I just ordered all of the parts that I think I need. Hopefully it all works out okay. Just so everyone knows, EA Landscape Supply is who I bought the spreader from in the first place. MAKE SURE YOU BUY THE UPDATED VERSION OF THIS SPREADER & NOT THE ONE THEY ARE SELLING ON EBAY!!! This is probably the best designed spreader I have ever used & I got it @ a reasonable price, so I'm not too ticked off.


----------



## carcrz (Jun 5, 2006)

carcrz;340467 said:


> I just ordered all of the parts that I think I need. Hopefully it all works out okay. Just so everyone knows, EA Landscape Supply is who I bought the spreader from in the first place. MAKE SURE YOU BUY THE UPDATED VERSION OF THIS SPREADER & NOT THE ONE THEY ARE SELLING ON EBAY!!! This is probably the best designed spreader I have ever used & I got it @ a reasonable price, so I'm not too ticked off.


OOPS!!! It was another company. Man talk about service; I got 3 calls from EA wanting to make things right if I was unhappy. Needless to say, I will be looking their direction first for these types of purchases.

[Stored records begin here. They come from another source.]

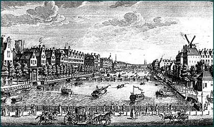 Οι Έλληνες οι οποίοι εγκαταστάθηκαν μόνιμα στο 'Aμστερνταμ και δημιούργησαν την ελληνική παροικία εκεί ήταν κυρίως έμποροι και κάποιοι μικρομαγαζάτορες. Εδώ: 'Aποψη του 'Aμστερνταμ με τον ποταμό Amstel περίπου την εποχή της δημιουργίας της ελληνικής παροικίας, 1720.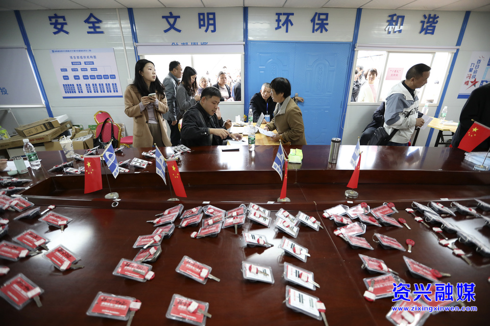 2025年4月7日,在资兴市兴宁镇集中安置点二期交房仪式现场,安置户在领取新房钥匙。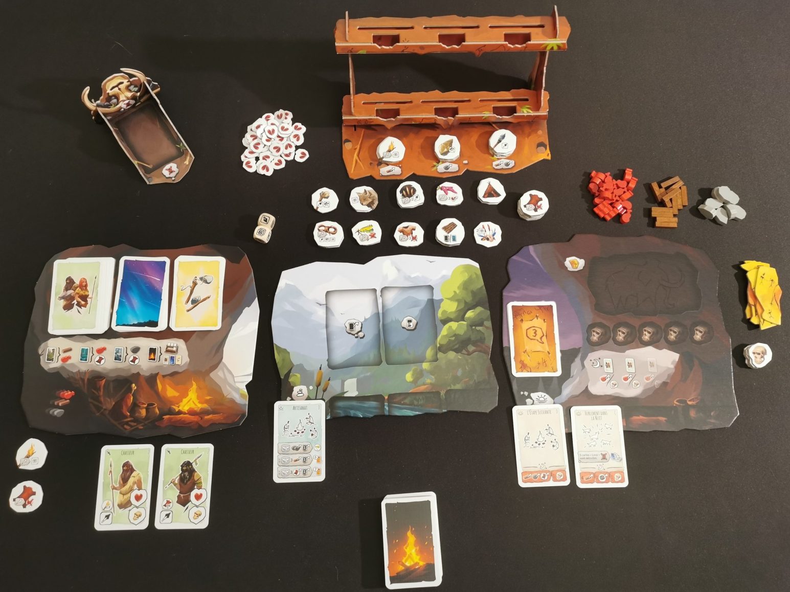 -:Mécanismes:Coopération ; -:Thèmes:PréhistoireNombre minimum de joueurs : 2 Nombre maximum de joueurs : 4 Age minimum : 10 Age maximum : 99 Durée moyenne (minutes) : 60 Principe du jeu : Dans Paleo, les joueurs vont décider collectivement de la répartition des tâches: exploration, mission, invention. Ce n'est qu'en arrivant dans un lieu que vous saurez vraiment ce qui vous y attend. Plus vous l'explorerez, plus vous disposerez d'informations, ce qui vous permettra de surmonter les obstacles que vous rencontrerez, grâce à des outils adéquats et grâce à l'aide de vos compagnons. Contenu :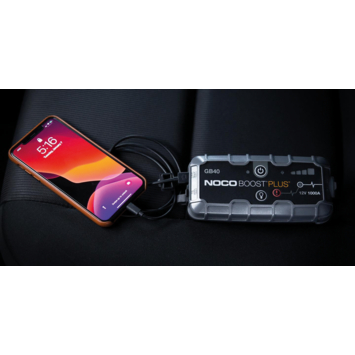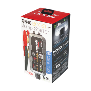 1000 ampère jumpstarter voor 12 Volt Wet, Gel, MF, EFB en AGM accu’s. De Noco Genius GB40 is niet geschikt voor lithium accu's. Veilige vonkvrije verbinding en bescherming tegen omgekeerde polariteit. Voeding voor het opladen van USB apparaten en LED-zaklamp met meerdere functies.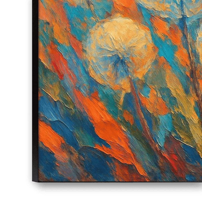 Een kleurrijk en expressief bloemenschilderij voor in de woonkamer. Het straalt optimisme en vrolijkheid uit. De schoonheid van de natuur is altijd een onuitputtelijke bron van inspiratie. Bloemenfantasieën zijn kunstig geënsceneerd.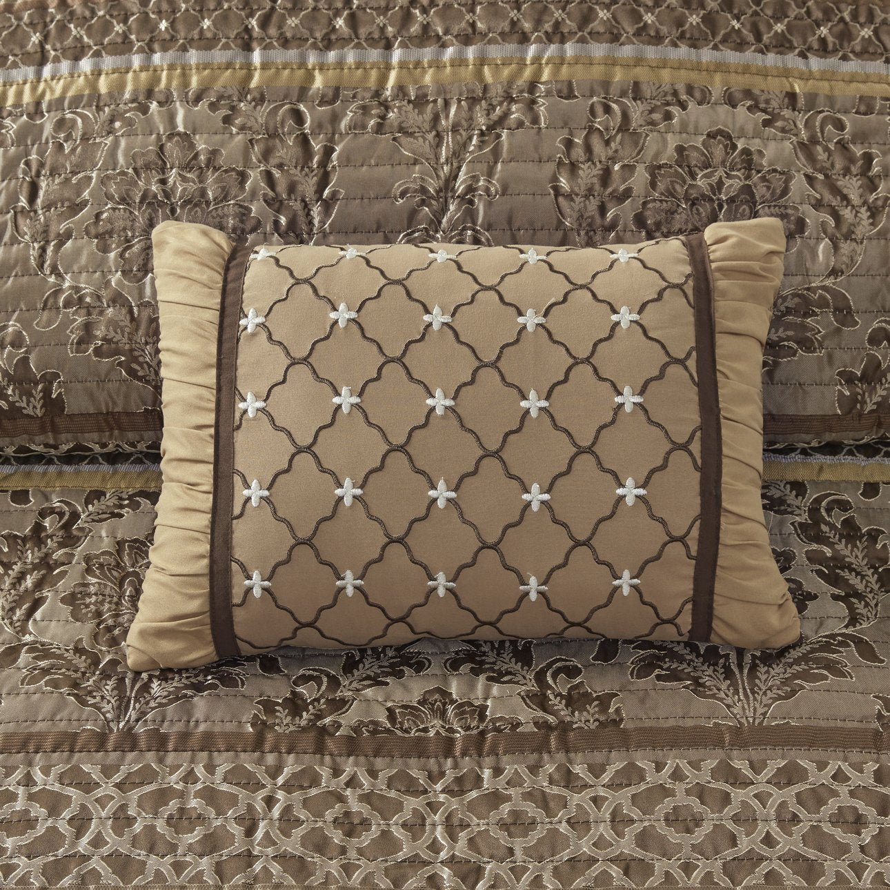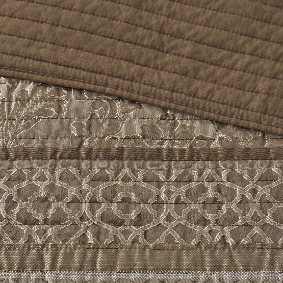Elevate your bedroom with the Bellagio 6-piece reversible quilt set — a sophisticated blend of texture, pattern and warm metallic accents that instantly refreshes your decor. Rich chocolate-brown jacquard is detailed with leaf, stripe and ironwork motifs highlighted by ivory stitching and gold accents, while three coordinated decorative pillows add layered depth and tailored finishing touches. The reversible design gives you two styling options for easy updates.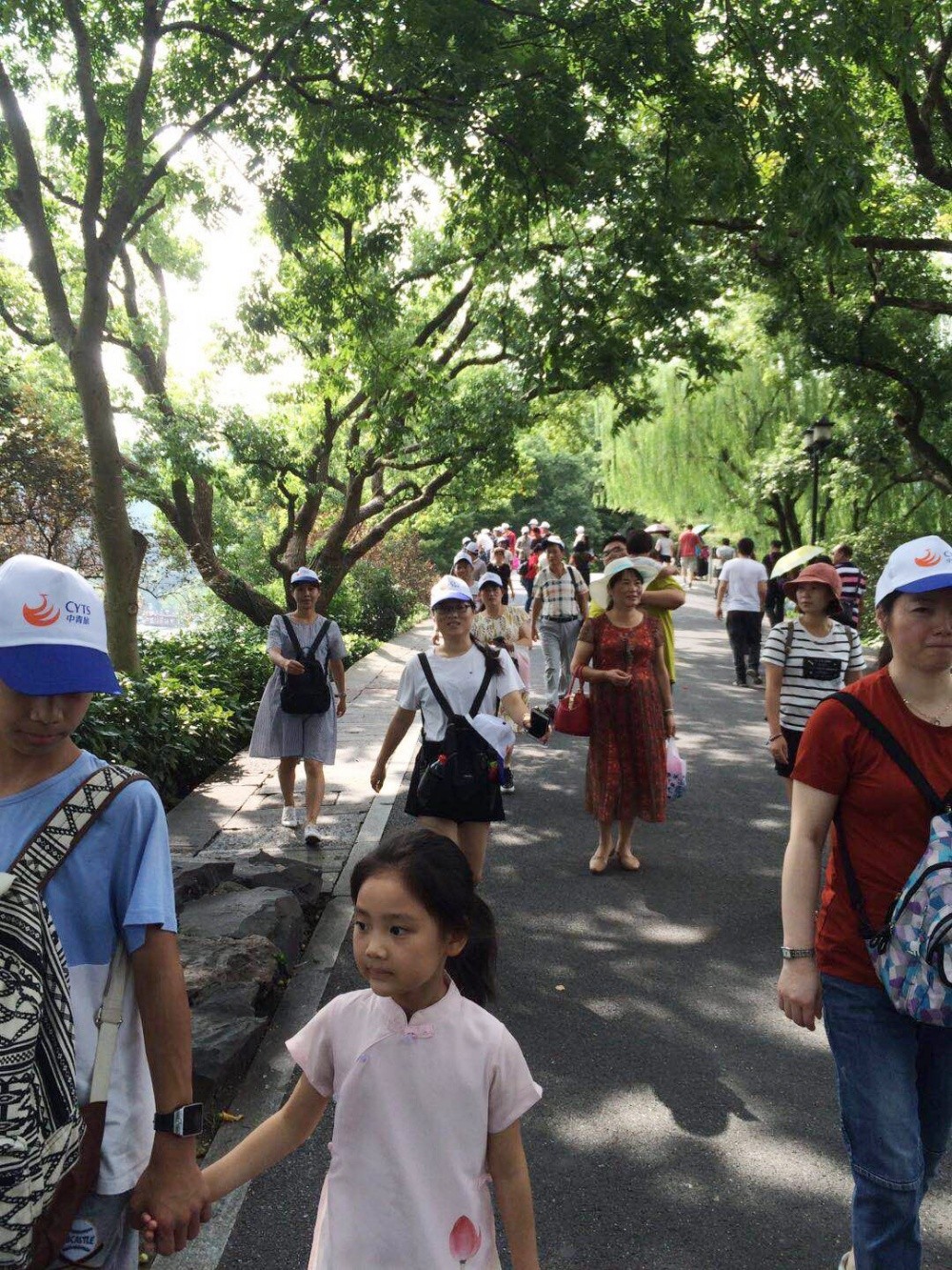 一下車,大家漫步來到了西湖邊,走在蘇堤上,紛紛感慨:西湖不愧是人間天堂啊!整個一座湖就像一面大鏡子,倒映著湖邊的美景,照出了大家歡樂的心聲。湖堤兩岸長滿了柳樹,柳樹依舊像春天那樣充滿著蓬勃的生命力,枝條長得已經垂到了湖面,宛如一個美麗的少女正在清洗她那長長的黑發,微風乍起,柳枝擺動,仿佛是風在彈奏悠揚的豎琴,也仿佛在歡迎我們恒森一家人的到來。在這如此美的景色下,有的員工拿出手機拍照留念,有的員工結伴倚在湖邊的長凳上,相互聊天拉家常。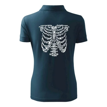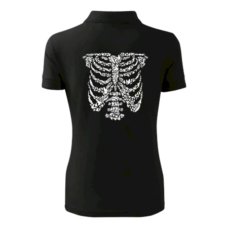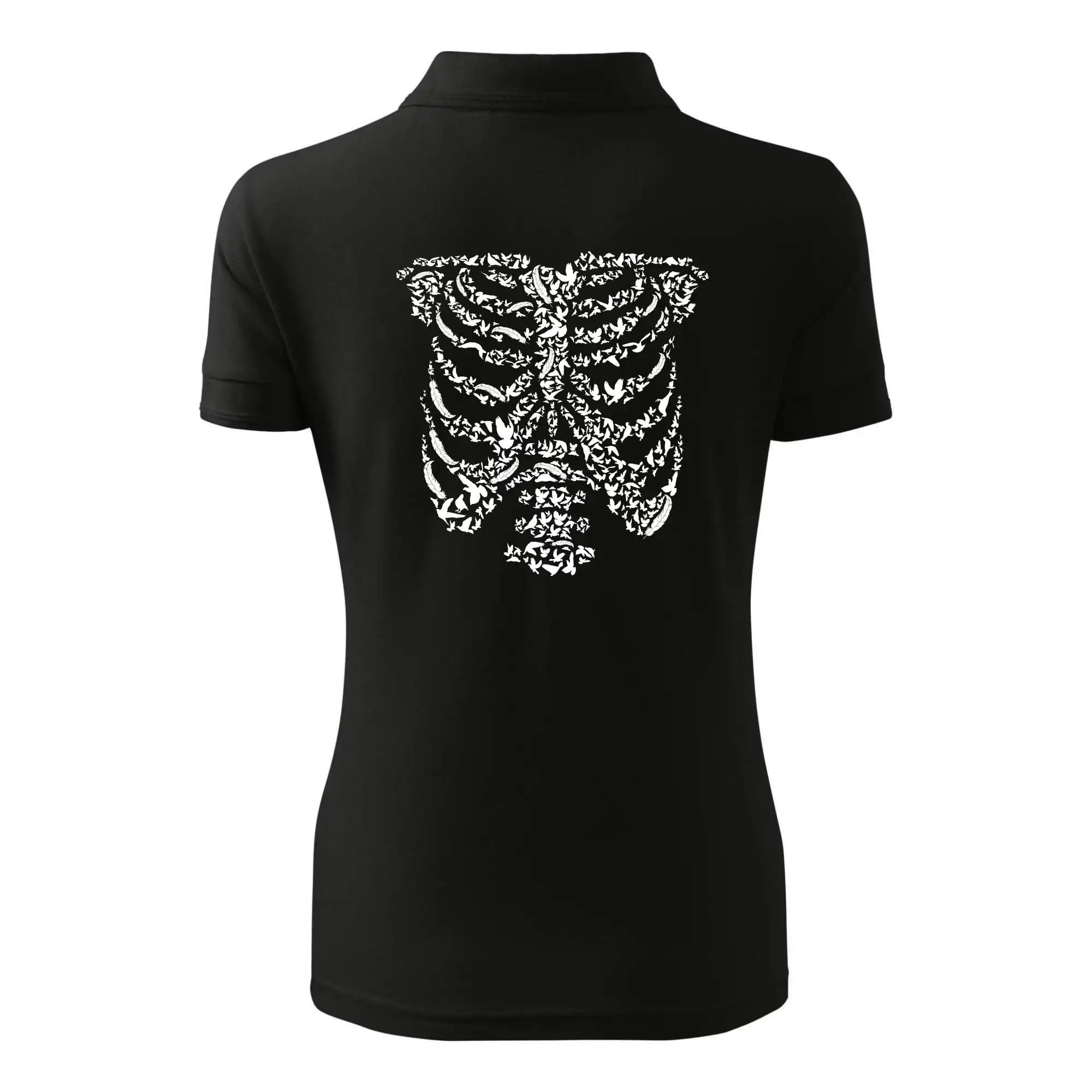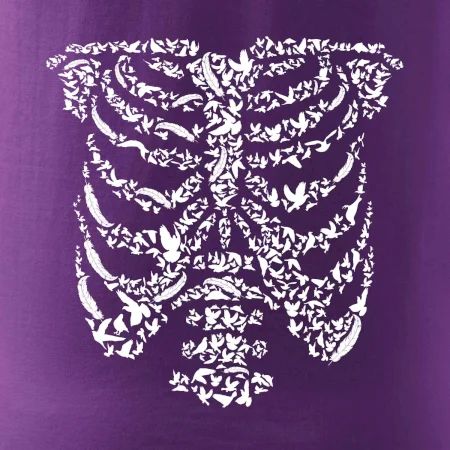 Umělecká kombinace ptáčků a kostry na triku.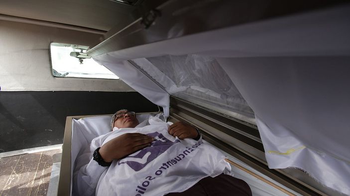 Meclisin alt kanadı için milletvekili adayı olan Carlos Mayorga, koronadan hayatını kaybedenlere dikkat çekmek için seçim kampanyasını tabuttan çıkarak başlattı.
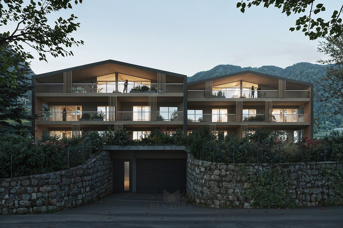 Dieses großzügige Penthouse im obersten Stock ist für alle gedacht, die maximale Weite, Privatsphäre und einen freien Blick über Meran suchen. Die erhöhte Hanglage des Projekts sorgt dafür, dass sich aus jeder Etage ein Panorama auf die Bergkulisse öffnet, hier oben wird daraus ein echtes Wohngefühl von Höhe und Leichtigkeit. Die Wohnung bietet weitläufige Innenräume, klare Zonierung und eine große Panorama-Terrasse als Mittelpunkt des Wohnens. Großformatige Hebeschiebetüren holen Licht und Landschaft ins Innere und schaffen ein fließendes Indoor-Outdoor-Living. Die Ausstattung folgt dem hochwertigen Standard des Hauses: edles Holzparkett, fein abgestimmte Oberflächen sowie frostsichere Außenbeläge. Technisch ist das Penthouse für zeitgemäßes, komfortables Wohnen ausgelegt. Die Smart-Home-Lösung auf KNX-Basis ermöglicht die Steuerung von Heizung und Beschattung per Smartphone oder Tablet; Sensorik unterstützt energieeffizientes Leben im KlimaHaus-A-Nature-Standard.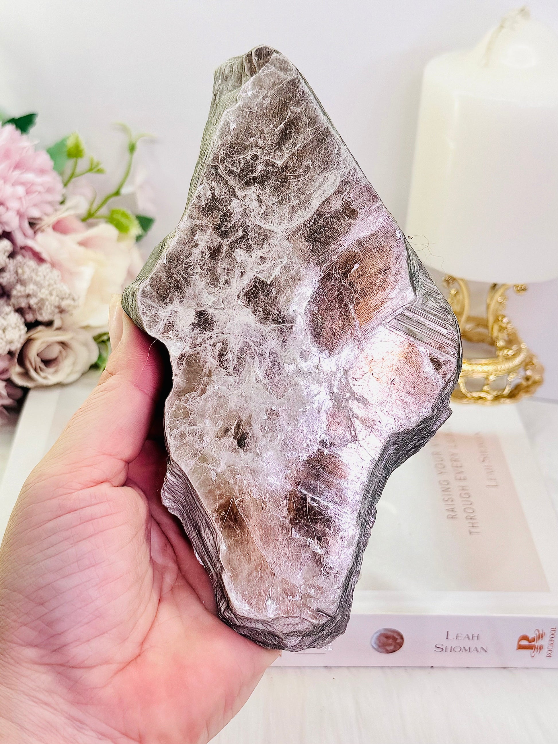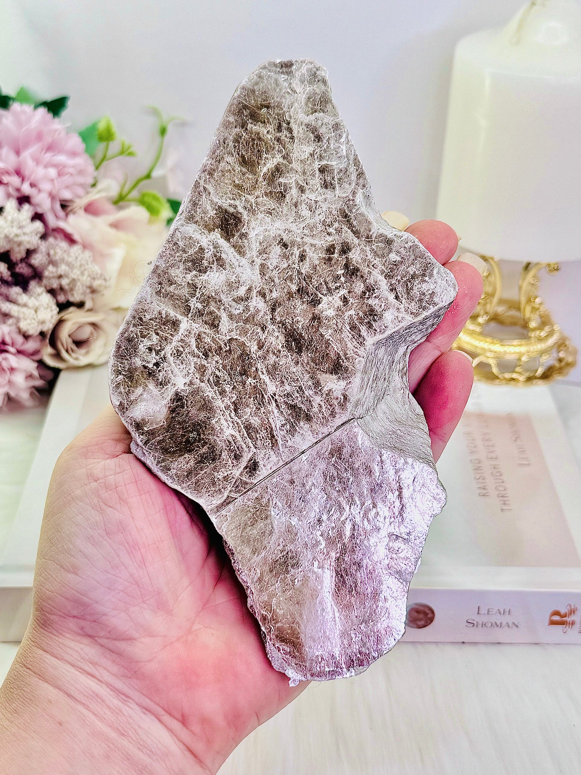 Large Chunky 17cm Shiny Purple Mica Natural Slab On Stand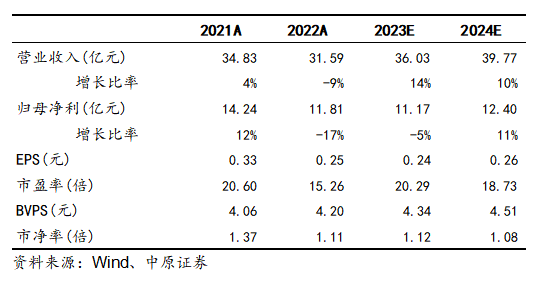 预计公司2023、2024年EPS分别为0.24元、0.26元,BVPS分别为4.34元、4.51元,按9月7日收盘价4.87元计算,对应P/B分别为1.12倍、1.08倍,维持“增持”的投资评级。

Just in case Tim from EA sees this, I left you a message, call me when you get back (try me 11:30 - 12:30 Tuesday or after 3:30).


----------



## carcrz (Jun 5, 2006)

Just an update. I talked to EA & found that the new gear won't work on the older model. I guess they also changed some of the angles on the frame so it won't work . I ended up ordering a new plastic gearbox (same as the original but supposedly has more HD internals). We'll see how it works out. It may be on Ebay if this doesn't work.


----------



## Superior L & L (Oct 6, 2006)

I bought one of the old ones last year and it also broke on me the first time i used it. Salt dog did send me a new gear box to install. Kind of a PITA that i have to work on a new spreader. I picked up another this year and the new design works a lot better. Time will tell if it will hold up?


----------



## carcrz (Jun 5, 2006)

How'd that second spreader hold up?


----------